Título: 'Eu assinava cheques em confiança'
Autor: Eugênia Lopes e Luciana Nunes Leal
Fonte: O Estado de São Paulo, 11/08/2005, Nacional, p. A9

Sócio do publicitário Marcos Valério Fernandes de Souza na agência de publicidade mineira SMPB, o publicitário Cristiano Paz disse ontem em sessão conjunta das CPIs do Mensalão e dos Correios que concordou com os empréstimos feitos por sua empresa ao PT e que recebia "uma pilha de cheques para assinar". Ele também revelou que os cheques do que chamou de 'conta PT' não traziam os nomes dos destinatários. "Chegava uma pilha de cheques para eu assinar - eu até me incomodava, não tinha tempo para conferir", contou Paz, explicando que todos os cheques da agência de publicidade deviam ser assinados por no mínimo dois sócios. "Os da 'conta PT' vinham separados e eu assinava na confiança. Mas não eram nominais a ninguém."

Paz detém 34% da SMPB, da qual é presidente. Segundo suas informações, neste ano quase não apareceram cheques da 'conta PT' para ele assinar.

Ele disse que concordou com o argumento de que seria bom para a empresa fazer um favor ao PT e confiou no relacionamento de Valério com o então tesoureiro do partido, Delúbio Soares, como garantia de que o dinheiro seria devolvido. O publicitário negou conhecer o esquema de caixa 2 montado por Marcos Valério e Delúbio.

DÚVIDAS

Paz não convenceu os parlamentares das CPIs, que, um após o outro, apresentaram dúvidas sobre os motivos que teriam levado a empresa assumir um risco tão grande, emprestando dinheiro a um partido. "Eu senti um desconforto por causa da dívida", admitiu o publicitário. "Mas o Marcos Valério dizia: 'Não se preocupe, o partido vai pagar. Você acha que vou ser irresponsável, acha que eu seria louco?' O que me foi passado é que os empréstimos eram lastreados em compromissos assumidos junto ao PT."

O sócio de Valério contou que esteve duas vezes com o deputado José Dirceu, quando era ministro, em reuniões na Casa Civil.

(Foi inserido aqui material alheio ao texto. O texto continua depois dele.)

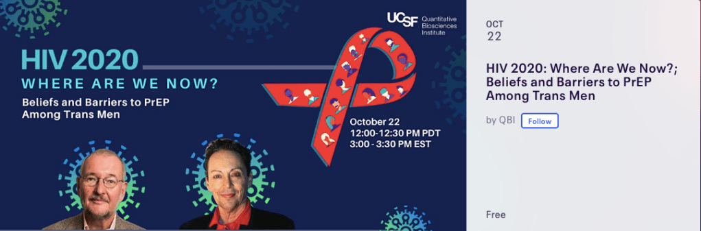 The Quantitative Biosciences Institute is linked to the University of California and based in San Francisco. The Institute held a webinar entitled ‘HIV 2020: Where Are We Now?; Beliefs and Barriers to PrEP Among Trans Men’.

Primeiro com representantes do BMG e, depois, com os do Banco Rural. Negou que tenha tratado de assuntos de campanha. "O ministro José Dirceu nem me olhou", disse.

Apesar dos contatos políticos de Marcos Valério, o publicitário disse que pediu a ele para não levar deputados à sede da SMPB. "Ele foi à empresa com deputados, não sei os nomes e eu pedi para evitar aquilo, porque nossos clientes privados estranham, acham que damos mais valor aos governos."

CONTRATOS

Sobre o aumento do faturamento da SMPB, de R$ 55,8 milhões em 2002 para R$ 73,1 milhões em 2003, primeiro ano do governo Lula, e para R$ 130,7 milhões no ano passado, Paz negou que fosse motivado pelos contratos com o governo federal e estatais. Ele atribuiu o aumento a contratos de publicidade públicos, com os governos de Goiás e de Minas Gerais, e "com três grandes empresas privadas".

O publicitário confirmou que a Usiminas foi intermediária da aproximação da SMPB com o deputado Roberto Brant (PFL-MG), que recebeu R$ 102 mil de Marcos Valério. "Tudo que chega à Usiminas vem para a minha mesa. Tenho uma história antiga, uma relação profunda com a usina (...) Esse pedido do Brant foi passado para a gente." Ele se contradisse em outro momento, quando afirmou que houve uma "doação" exclusiva da agência, em dinheiro e material de campanha.

Paz garantiu que não conhece Duda Mendonça, marqueteiro da campanha do presidente Lula, nem sua sócia, Zilmar Silveira. Duda recebeu R$ 20 milhões de Marcos Valério, segundo informou o empresário à CPI do Mensalão anteontem.

R$ 4,5 milhões foram pagos em 1998, pelo trabalho na campanha do ex-governador de Minas Eduardo Azeredo, hoje senador e presidente do PSDB. A maior parte foi de repasses realizados em 2003 e 2004, por determinação de Delúbio Soares.